The safety and scientific validity of this study is the responsibility of the study sponsor and investigators. Listing a study does not mean it has been evaluated by the U.S. Federal Government. Read our disclaimer for details. Identifier: NCT01590706
Recruitment Status : Completed
First Posted : May 3, 2012
Last Update Posted : April 2, 2014
Daejeon University
Information provided by (Responsible Party):
Dal-Seok Oh, OMD, PhD, Korea Institute of Oriental Medicine

Brief Summary:
  • Although aging process appears to be generally characterized, investigators have been paid much attention to the specific target molecules, which leads to discover the clinical markers of the senescence. The present study is to investigate the clinical and biological profile of cognitive decline and functional cardiac senescence in healthy middle aged and elderly Korean volunteers.
  • This study was conducted as a cross-sectional, single-center, comparative clinical study.
  • Each volunteer was given informed consent for checking cognition and cardiac function.
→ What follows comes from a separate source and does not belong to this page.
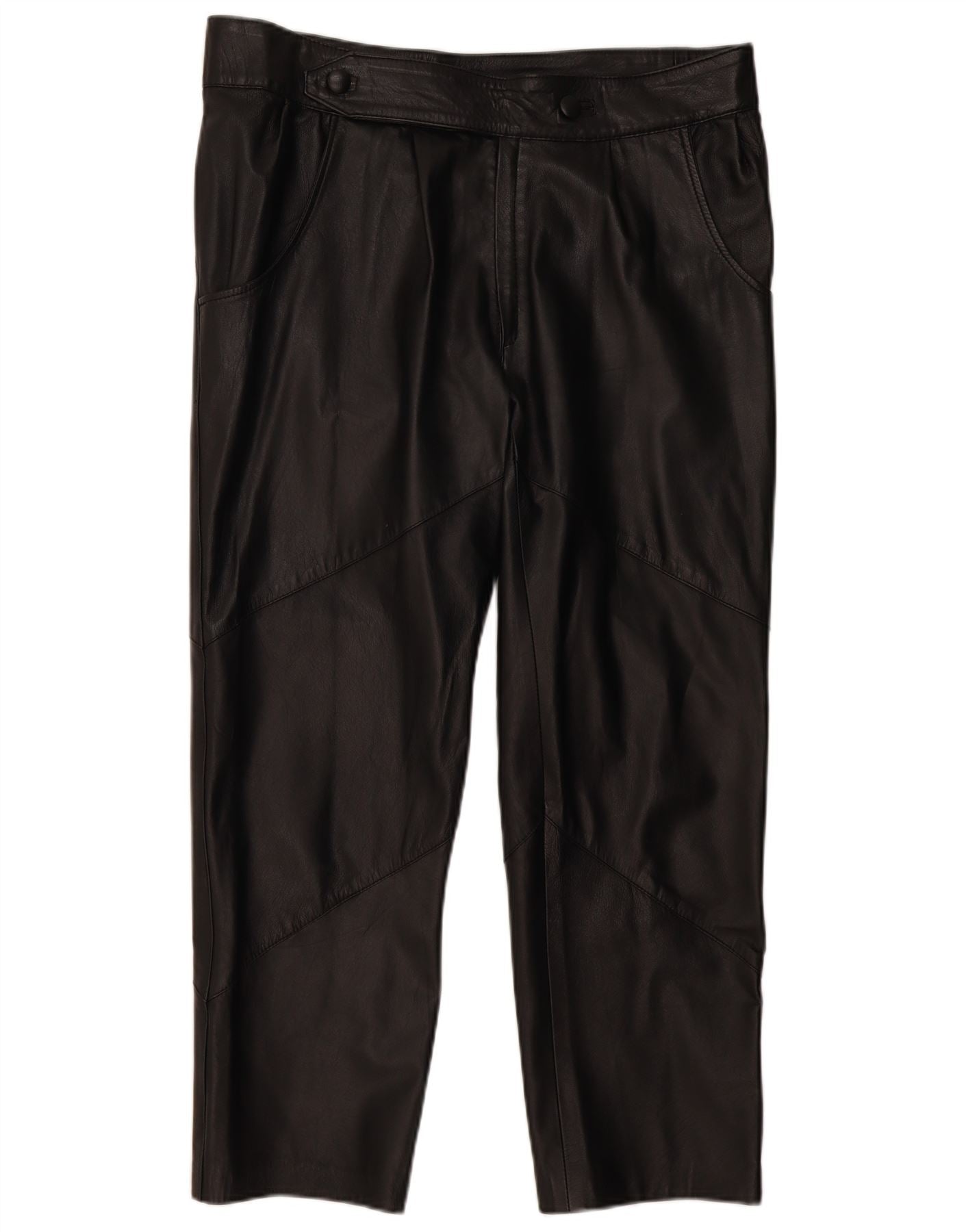 VINTAGE Γυναικείο ίσιο δερμάτινο παντελόνι IT 50 Large W38 L29 Μαύρο
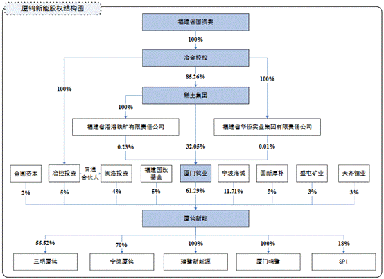 厦钨新能实际控制人是福建省人民政府国有资产监督管理委员会(福建省国资委),控股股东是厦门钨业股份有限公司(以下简称“厦门钨业”),福建省稀有稀土(集团)有限公司(以下简称“稀土集团”)和福建省冶金(控股)有限责任公司(以下简称“冶金控股”)是厦钨新能的间接控股股东。其中,稀土集团是厦门钨业控股股东,冶金控股是稀土集团控股股东。

Blood and urine samples were collected to analyze genome, proteome, and metabolome to assess cognition and cardiac function of its muscle enzymes.

Condition or disease
Aging Mild Cognitive Impairment Angina Pectoris

Detailed Description:
  • The protocol of this study was developed as the first assessment of the three to four series of clinical research on senescence.
  • This design of the study is a non-interventional, single-center, single-visit design for investigating the cognitive decline and cardiac function including heart muscle enzyme activity, which have been considered one of the key points in aging process.
  • Volunteers visit the study site during the screening period, informed consent for study participation and blood draw are given respectively, then, the eligibilities are met, participants visit the study site just once within two weeks.
  • The participants undergo the following five procedures for 2-3 hours; out-patient visit,

    1. additional demographic interview including covariate factors (depression status, marital status
    2. vital sign check
    3. the questionnaire for cognitive function
    4. blood draw for genomic, proteomic, and metabolomic analyses (10 milli Liter), urine collection (20 milli Liter)
    5. electrocardiogram (ECG), then they are discharged.
  • Their safety follow-up is monitored in a week (± 1 day) by a phone-call from the study associates.
  • To evaluate cognitive function, several cognitive batteries were used, 3MSE (Modified-Mini Mental State Examination), ADAS-cog (Alzheimer's Disease Assessment Scale-cognitive subscale); for cognitive biomarkers, Apolipoprotein E, Type-3 metabotropic glutamate receptors.
  • To evaluate cardiac function including its enzyme activity: HRV (heart rate variability), CRP (c-reactive protein); Cardiac Troponin T.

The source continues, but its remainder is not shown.